Wherever a picture appears in the listing below, leave it out and reproduce the rest exactly.

#### PROVIDED MATERIAL:

BEGIN

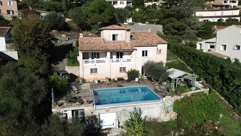 SUPER GATTIERES: Villa provençale avec vue mer – 210 m² – Piscine – Fort potentiel à Gattières
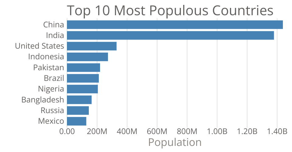 This bar chart shows population of the top 10 most populous countries. The data comes from the year 2019 estimate in United Nations: World Population Prospects
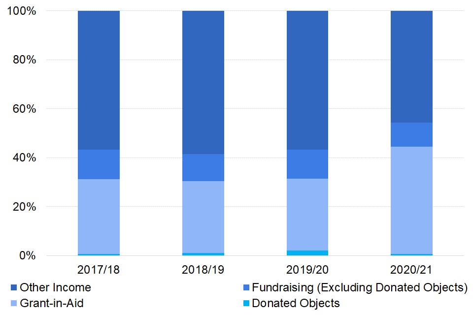 When donated objects are excluded from the fundraising income total, the ratio of fundraising income to Grant-in-Aid decreased to 22.6%, 17.5 percentage points lower than in 2019/2020 (40.1%).

END

#### PROBLEM SOLUTION:
 SUPER GATTIERES: Villa provençale avec vue mer – 210 m² – Piscine – Fort potentiel à Gattières
 This bar chart shows population of the top 10 most populous countries. The data comes from the year 2019 estimate in United Nations: World Population Prospects
 When donated objects are excluded from the fundraising income total, the ratio of fundraising income to Grant-in-Aid decreased to 22.6%, 17.5 percentage points lower than in 2019/2020 (40.1%).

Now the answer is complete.